For immunofluorescence microscopy analysis of the binding of anti-LPG monoclonal IgM antibody CA7AE to live promastigotes, the cells were treated as described above for flow cytometry except for the fixation step, which was omitted, and the staining, after removal by washing in complete Schneider’s medium of primary and secondary antibodies, with 4 µg/mL of the DNA dye Hoechst 33342 for 30 min. After three additional washes (600 × g, 3 min), 300 µL of a suspension of stained and washed promastigotes in complete Schneider’s medium was visualized with an IX-51 Olympus microscope as described above, using for AF488 the CFSE settings. For anti-LPG targeting analysis to live Leishmania-exposed and control non-treated macrophages, 5 × 10⁴ RAW 264.7 macrophages/mL were seeded in 300 µL/well of RPMI supplemented with 10% FBS and 1% penicillin-streptomycin in an 8-well chamber slide, and allowed to adhere for 24 h at 37°C in the presence of 5% CO₂. Leishmania-treated macrophages were infected by incubation for 24 h in the presence of 5 × 10⁵ promastigotes of the L. infantum MHOM/ES/2016/CATB101 strain. After 3× PBS washes, the cells were prepared for immunocytochemistry analysis as described above for promastigotes, but using 2 µg/mL Hoechst 33342. Confocal fluorescence microscopy was conducted as described above for the analysis of fluorescein-tagged peptides.

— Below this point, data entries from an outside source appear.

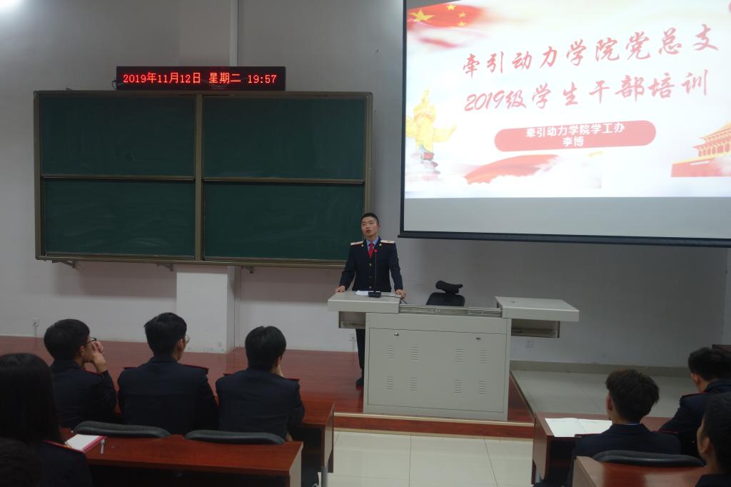 为了提高学生干部的思想认识,增强学生干部的综合素质和工作能力,更好的开展学生工作,11月12日,牵引动力学院党总支组织开展2019级学生干部培训。2019级班干部和学生支会学生干部200余人参加,培训由辅导员李博主持。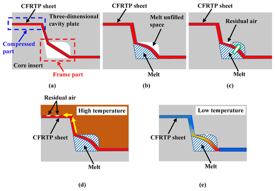 Figure 23 shows a diagram of the estimated mechanism of the generation of surface defects with the exposed fiber weave pattern at the G–G cross section in Figure 22c. Immediately after compression molding, as shown in Figure 23a, the sheet remains softened inside the frame, without being cooled, because the sheet is not sandwiched between the three-dimensional cavity plate and the core insert. Then, the melt flows through the space on the core insert side of the sheet in the frame part when injection starts, as shown in Figure 23b. The melt pressure increases after the space on the core insert side of the sheet is filled with the melt. As a result, the melt flows through the gaps between the fiber tow of the sheet into the unfilled space on the three-dimensional cavity plate in the frame part, as shown in Figure 23c. In this study, the pressure distributed on the CFRTP sheet and the melt pressure are not measured by the pressure sensor. Therefore, the following discussion is only speculative. Assuming that the holding pressure of 60 MPa is directly applied to the melt inside the frame part if ignoring the pressure loss, it can be considered that the pressure distributed in the sheet of the compression area of the molded product is lower than the pressure of the melt inside the frame area under the low α condition. As a result, the residual air in the unfilled space is pushed by the melt toward the contact area between the CFRTP sheet and the three-dimensional cavity plate, and it moves into the compression area of the molded product, as shown in Figure 23d. When Δt is short, the viscosity of PMMA, the base polymer of the CFRTP sheet, is low because PMMA is maintained at a high temperature. It is assumed that the air moving into the compression area of the molded product pushes the PMMA inward in the compression area of the molded product, resulting in the generation of dent surface defects with the exposed fiber weave pattern. When Δt is long, the residual air is also pushed to the compression area of the molded product. However, as shown in Figure 23e, the air diffuses throughout the contact area between the CFRTP and the three-dimensional cavity plate because the sheet in the compression area of the molded product has already cooled and solidified as the heat from the sheet is transferred to the cavity wall. As a result, it is assumed that the above surface defects are not generated. When α is high, it is assumed that little air penetrates the contact area between the CFRTP sheet and the three-dimensional cavity plate because the pressure inside PMMA in the compression area of the molded product is higher than the melt inside the frame part due to stronger compression. The surface defects are, therefore, not generated.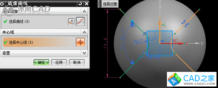 5、鏡像曲線,將繪制的草圖進行y軸對稱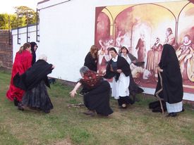 Church on the quayside, Auldhammer Suite in the church, paper boats in a long gone harbour, pirates at Sam Burns' yard, mural re-enactors at the pithead, sundowner music, silk painting, Tam O'Shanter or Gelie Duncan's Reel, flying kites, paellla and Gala Queens to reign amongst us!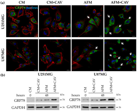 Since arginine deficiency has been shown to induce endoplasmic reticulum (ER) stress in many cancer cell lines [56] and our mass spec data showed a significant enrichment of GO terms related to the unfolded protein response, our next goal was to analyze the effect of canavanine on this process in human glioblastoma cells. We performed immunofluorescence staining for a marker of ER stress, namely, the ER chaperone 78-kDa glucose-regulated protein (GRP78) [57,58]. We noticed an accumulation of GRP78 within the ER of both analyzed glioblastoma cell lines after 48 h of incubation under arginine deprivation in the presence of canavanine (Figure 9a, see arrows). These observations were confirmed by Western Blot analysis, which showed a significant increase in the level of GRP78 in cell lysates (Figure 9b). On the other hand, canavanine co-treatment only slightly increased the level of GRP78 in primary rat glial cells under analogous conditions (Figure S9).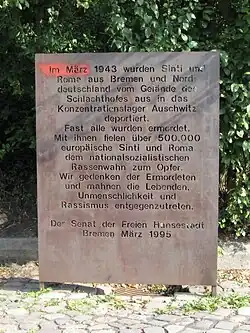- Gedenktafel von 1995 zur Erinnerung an den Völkermord an Sinti und Roma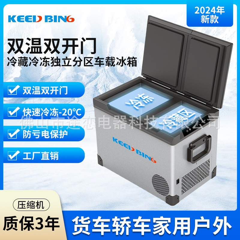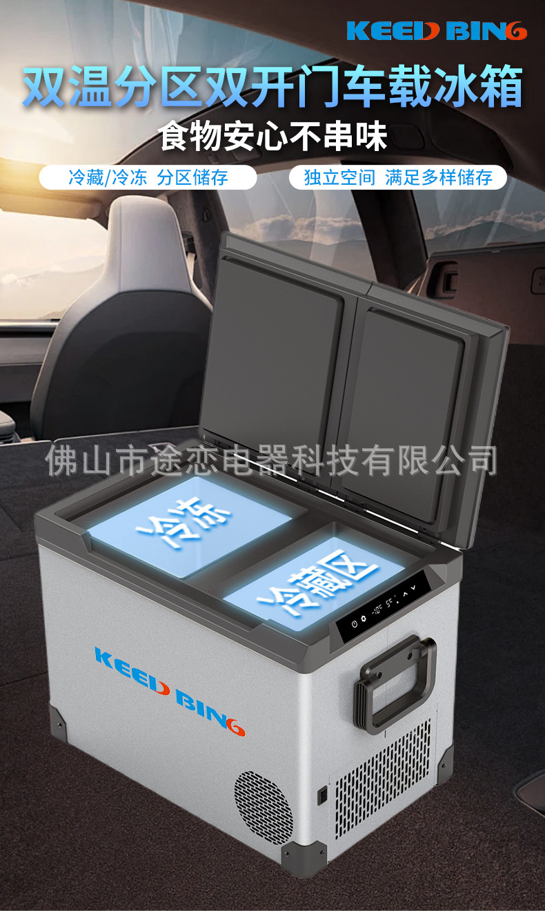 新品车载冰箱,双温双区域双开门,可达-20度。可同步实现冷冻和冷藏。

Unless otherwise stated, experiments were performed in triplicate and the results are expressed as mean values ± standard error of the mean (SEM). The IC₅₀ and CC₅₀ were calculated through non-linear regression analysis using GraphPad Prism 8.4 (GraphPad software, La Jolla, CA, US). Differences between samples were analyzed by one-way analysis of variance using the same software, considering a significant P value ≤0.05. Mean values and SEM were calculated using Microsoft Office Excel version 2306.